How to Connect Your Android to Your PC, Step-by-Step
- On your Windows 11 PC, open the Phone Link app. The first page of a four-step setup process can found here.
- To get start, log in to your Microsoft account. If you signed in to an account during PC setup. All you have to do now is accept the account in the wizard.
- Install the Link to Windows app on your mobile device. You can find it in Google Play or by going to www.aka.ms/yourpc(Opens in a new window) on your mobile browser. Simply slide down the Quick settings shade on recent Samsung and Surface Duo phones and select Link to Windows. To access the syncing options, long-press it.
- Connect your phone to your computer. You can pair your phone using a QR code. Or by entering a text code from the PC’s Phone Link app into the phone’s companion app. It’s important to note that you’ll need to scan the QR code with the phone’s Link to Windows app. Be sure to use the in-app camera. That’s all there is to it once you’ve completed either pairing procedure. You’ve completed the task!
You greeted with a page congratulating you on your successful connection.
After that, you get quick visual tour of everything you can do with app. Now that it connected to your phone.
What Can a Connected Phone Do for You?
As previously stated, the more advanced features limited to specific phone models. But connecting to any Android phone you set up allows you to view and respond to text messages. View and manage notifications, make and answer calls, and instantly download images to your computer.

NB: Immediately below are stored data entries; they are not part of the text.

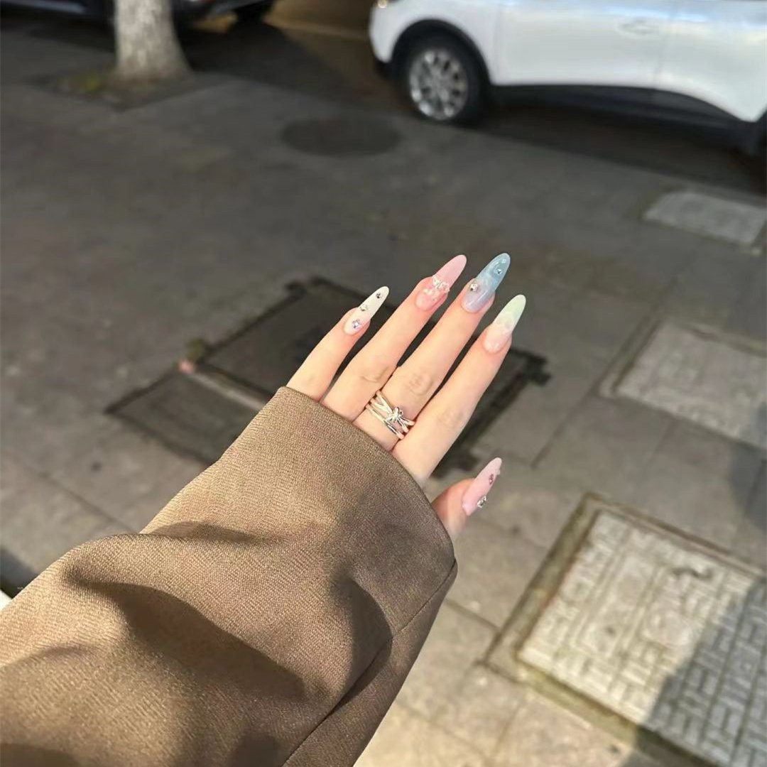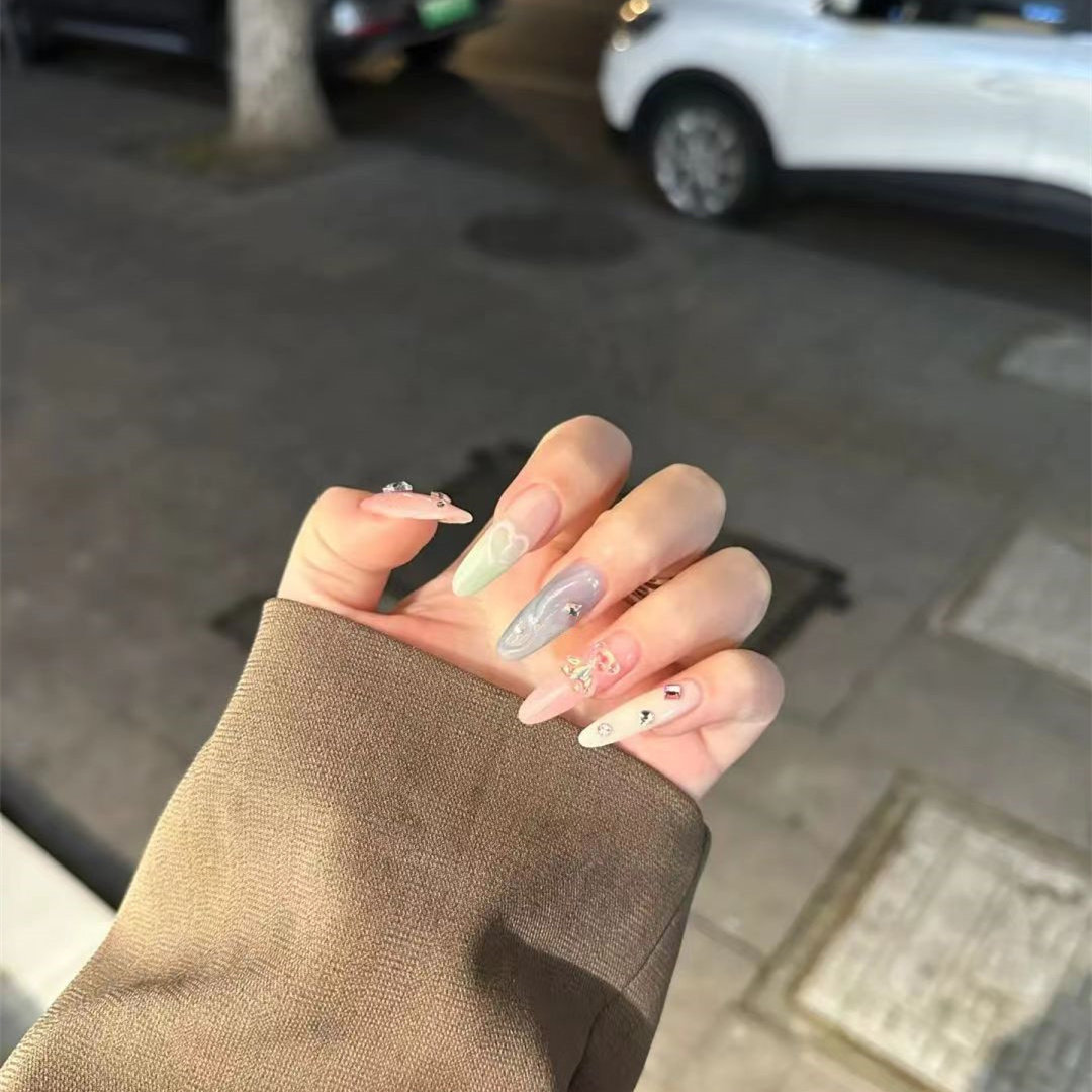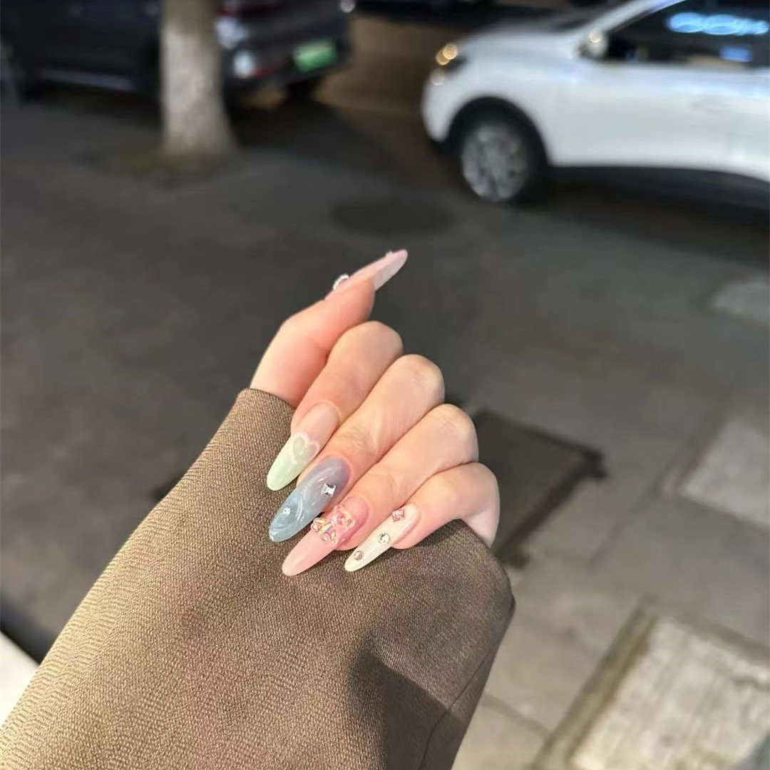 213穿戴假指甲贴片手工定制成品美甲长款 甜酷彩色手工美甲孕妇带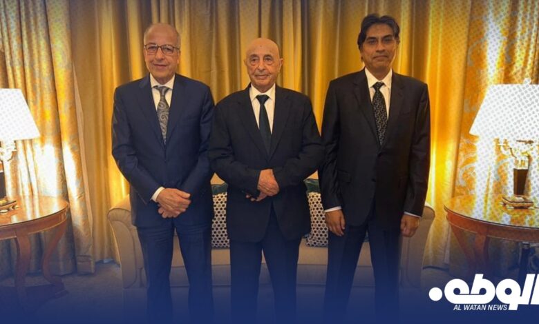 التقى رئيس مجلس النواب المستشار عقيلة، مع محافظ مصرف ليبيا المركزي الصديق عمر الكبير ونائبه مرعي مفتاح، والفريق المرافق لهما، اليوم السبت في مدينة القاهرة.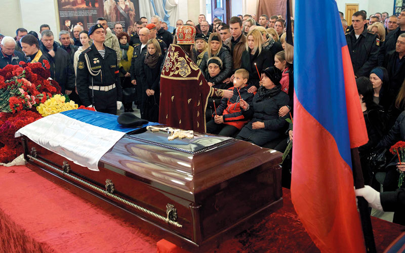 تشييع جندي روسي قتل في سورية بنادي البحارة بمدينة سيفاستوبول. أ.ف.ب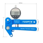 Name:Bicycle Spoke Tensiometer Model:TL-P10(Mechanical Model),TL-P11(Electronic Model) Material:Aluminum Alloy+Stainless Steels Color:Blue Package Size:205X195X60mm Usage:Determines spoke tension for round and flat spokes as well as for various finished wheelsets. Product Name: Spoke Tensiometer Material: Aluminum alloy Model: Mechanical watch TL-P10, electronic watch TL-P11 Weight: 513g/set for mechanical models, 565g/set for electronic models Packaging: Color box (including 1 tension meter, 1 Chinese and English instruction manual, 1 tension comparison table, and 1 spoke wrench)

Microsoft has updated the app’s UI such that the primary features (Messages, Calls, Apps, Photos) displayed across the top. When you click on the system tray icon, you now see recent apps and a View All Apps option. Notifications stow away in a panel on the left side of the screen.

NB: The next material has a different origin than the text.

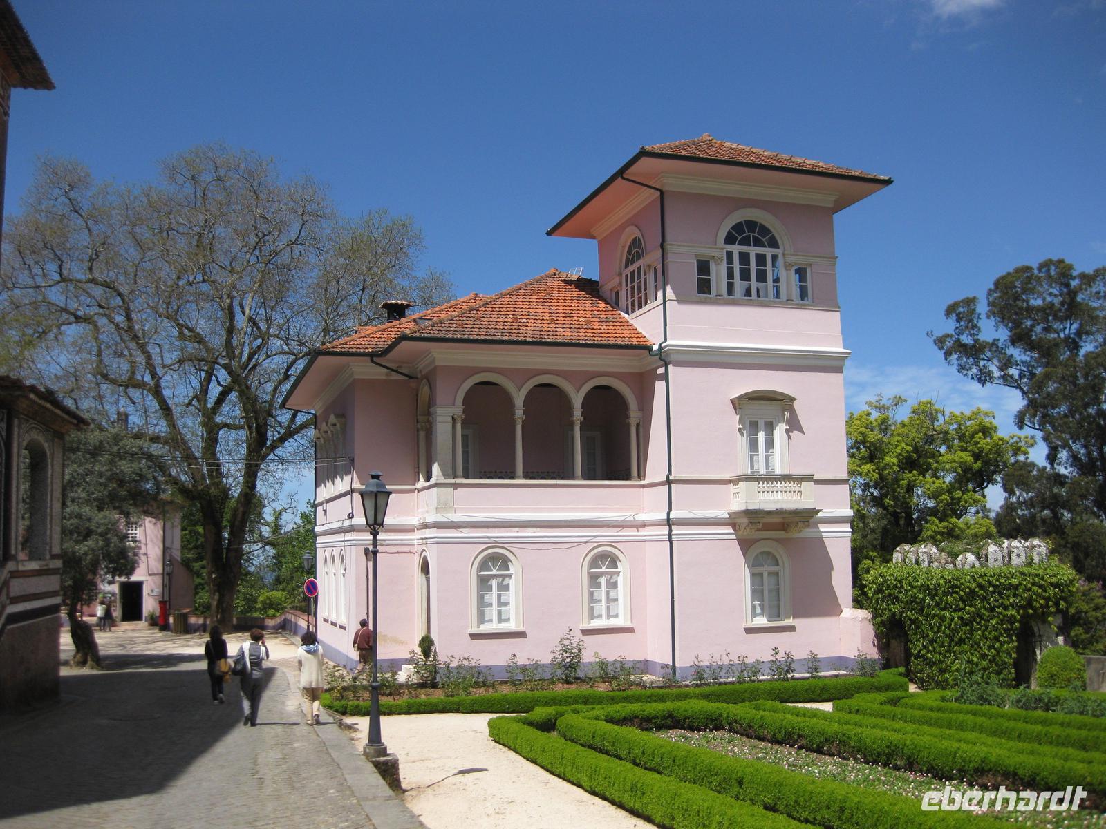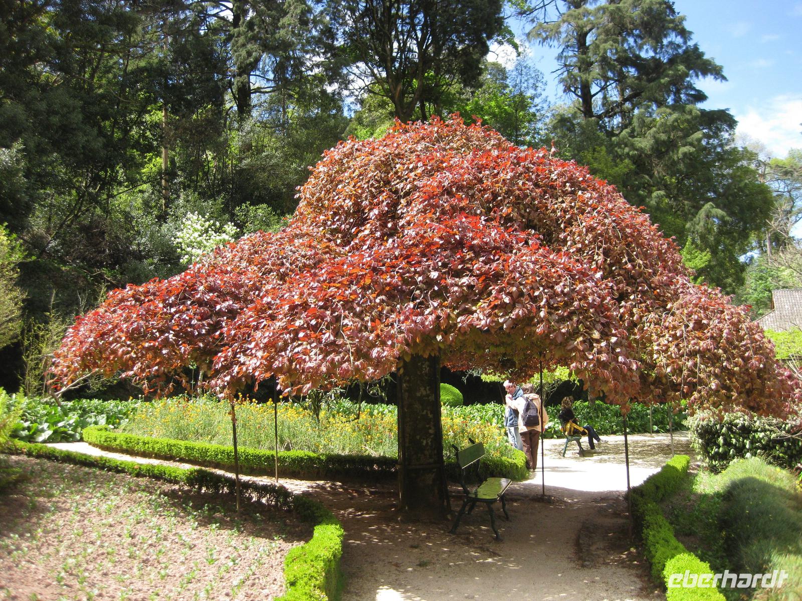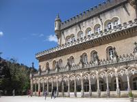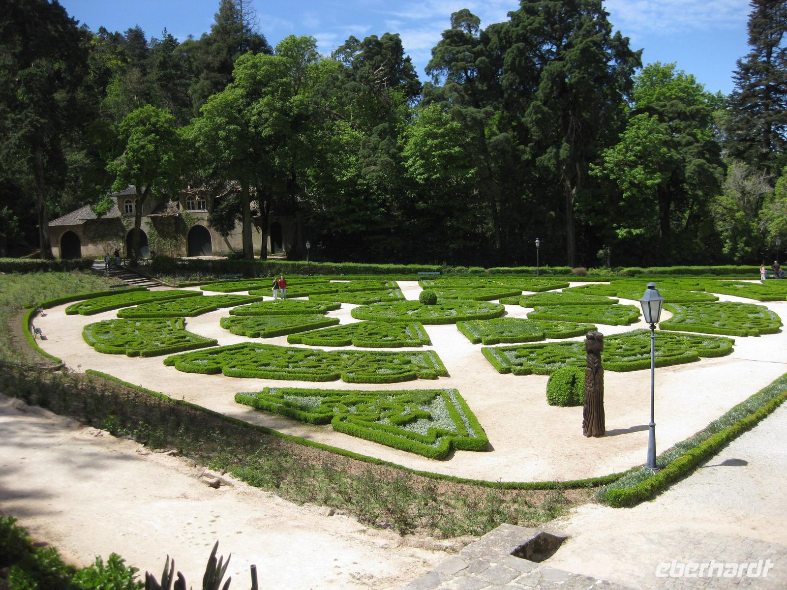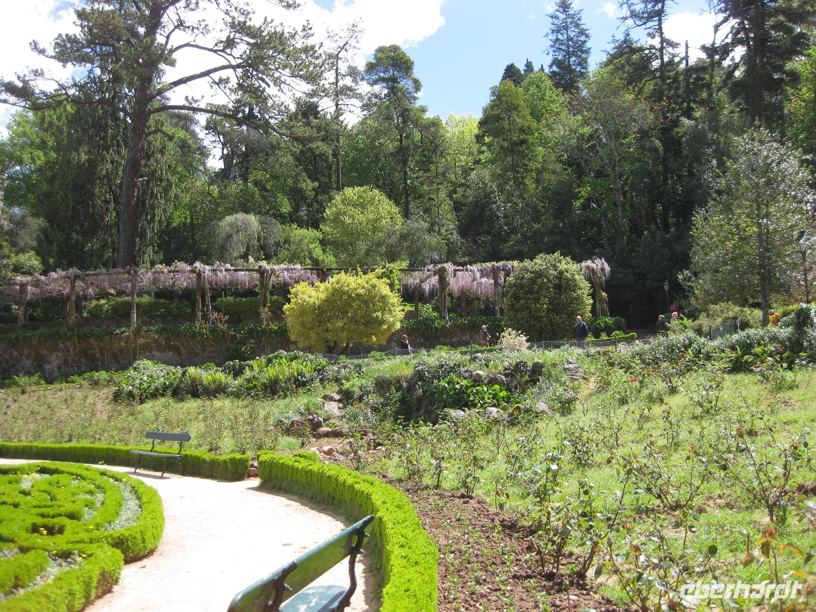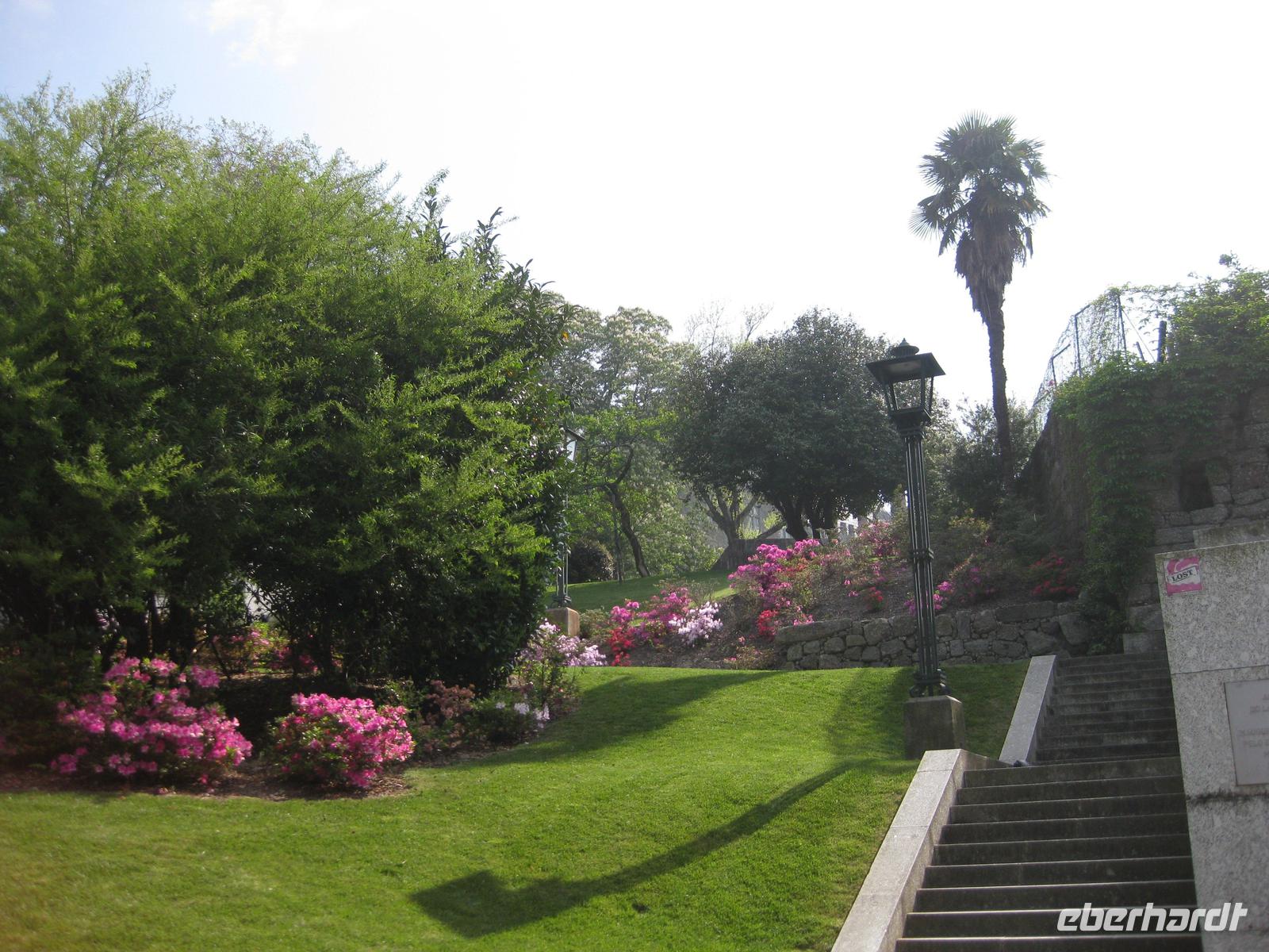 Dann geht es weiter bis zum Parque Nacional do Bucaco bei Luso. Der Parque Nacional do Bucaco ist ein riesiger Waldpark mit einer Sammlung unzähliger Arten von Pflanzen und Bäumen aus aller Welt. Und mittendrin ist ein "Märchenschloss", dass uns vom Baustil her an unser Schloss Neuschwanstein erinnert. Das war früher die Sommerresidenz der portugisischen Königsfamilie und ist jetzt das Luxushotel "Palacio Hotel do Bucaco". Es ist umgeben von einem schönen Park mit vielen Blumen und Pflanzen, besonders beeindruckend ist der mit Blauregen überdachte Wandelgang.

Phone Link’s taskbar entry displays a badge with the number of notifications waiting for you. You may select which apps to receive notifications from. And whether you want to respond on your computer or on your phone. And the app isn’t the only place where things happen. In the lower-right corner of the screen, in the Windows Notification toast, you can directly respond to messages.

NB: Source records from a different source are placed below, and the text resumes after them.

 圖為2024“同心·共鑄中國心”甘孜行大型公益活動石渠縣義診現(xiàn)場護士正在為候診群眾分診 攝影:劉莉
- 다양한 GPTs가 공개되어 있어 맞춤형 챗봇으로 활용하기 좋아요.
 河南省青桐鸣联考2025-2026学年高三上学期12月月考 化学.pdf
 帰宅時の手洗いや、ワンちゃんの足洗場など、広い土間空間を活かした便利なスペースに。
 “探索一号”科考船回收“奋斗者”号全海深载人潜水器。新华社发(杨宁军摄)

The most useful functions are those that work with any Android device. Such as seeing text messages and photographs from your phone on your computer. Even with the less capable versions, photographs appear on your PC immediately after you take them with your phone. And you can drag them into a document or another photo-editing tool like Photoshop.
Because you can’t travel up and down a screen with the mouse wheel, navigating apps might be a little challenging. You must instead click and drag. If you have a PC with a touch screen or trackpad, though, you can get very close to real McCoy. One useful feature is that apps ran over Phone Link have their own Taskbar icons, just like regular PC apps. As a result, you may minimize, resize, and close the apps just like you would on a desktop computer.